Solved: Re: correlation between binary and continuous variable with PROC GLIMM...

Merdock · Posted 04-17-2022 11:34 PM

I have a dataset (data1) with assessments taken at different visits: baseline (visit=1), Day 8 (visit=2), Day 30 (visit=3), Day 60 (visit=4) and Day 180 (visit=5) on an ordinal variable with 5 levels (1=normal, 2=mild, 3=moderate, 4=severe), and a separate dataset (data2) with repeated measures for a continuous variable (biomarker), taken at the same visits (1, 2, 3, 4, 5).

One of the exploratory objectives of my exercise problem (I’m trying to teach myself GLMM) asks to investigate the correlation between the biomarker (as predictor) and the ordinal variable (as outcome).

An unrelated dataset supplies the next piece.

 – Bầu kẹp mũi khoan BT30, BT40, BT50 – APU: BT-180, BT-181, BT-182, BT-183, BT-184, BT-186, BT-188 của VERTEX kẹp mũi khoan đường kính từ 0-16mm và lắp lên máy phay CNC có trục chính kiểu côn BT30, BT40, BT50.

Since this is only an exploratory objective, i.e., the study was not specifically designed for this, not all participants in the study will have assessments performed at all those visits.

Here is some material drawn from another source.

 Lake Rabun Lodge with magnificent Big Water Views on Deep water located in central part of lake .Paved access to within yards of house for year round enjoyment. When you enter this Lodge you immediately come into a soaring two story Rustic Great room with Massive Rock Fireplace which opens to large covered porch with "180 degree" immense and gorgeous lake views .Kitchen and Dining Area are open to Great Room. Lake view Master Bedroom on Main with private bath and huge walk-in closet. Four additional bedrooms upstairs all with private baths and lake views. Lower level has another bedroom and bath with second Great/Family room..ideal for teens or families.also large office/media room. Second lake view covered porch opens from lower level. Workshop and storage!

Since this is a longitudinal study, with repeated measurements taken on the same subjects, I am thinking of exploring the correlation between the continuous predictor and categorical outcome from baseline to Day 180 by using repeated measures logistic regression, implemented via PROC GLIMMIX.

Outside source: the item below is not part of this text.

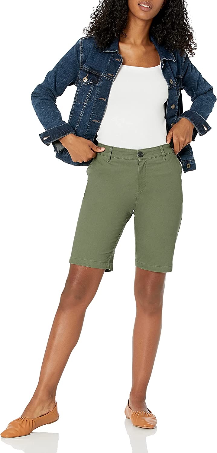 Amazon Essentials Women's Mid-Rise Slim-Fit 10 Inch Inseam Bermuda Khaki Short
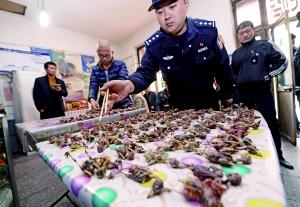 昨天,市園林局森林公安局與執(zhí)法監(jiān)察大隊(duì)聯(lián)手, 分14路突擊通州、大興的鳥市、果園和餐館,查處捕獵和售賣野鳥的違法行為。

In preparation for fitting the model, this is what I have done so far:

I merged data1 and data2 by id and visit to create one unified dataset (dataset “final” illustrated below) that contains both the outcome and predictor variables at the different visits.
For simplicity purposes, I converted my 5-level categorical outcome into a binary one (if “normal or mild” then outcome=0; if “moderate or severe” then outcome=1).
I noticed that only 15 out of a total of 46 participants in the study had measurements on both the outcome and predictor variables at both baseline (visit 1) and Day 180 (visit 5). The rest of participants either didn’t have the baseline visit, or didn’t have visit 5, or both. So for my model I used a smaller dataset that only contains these 15 participants who had both visit 1 and visit 5.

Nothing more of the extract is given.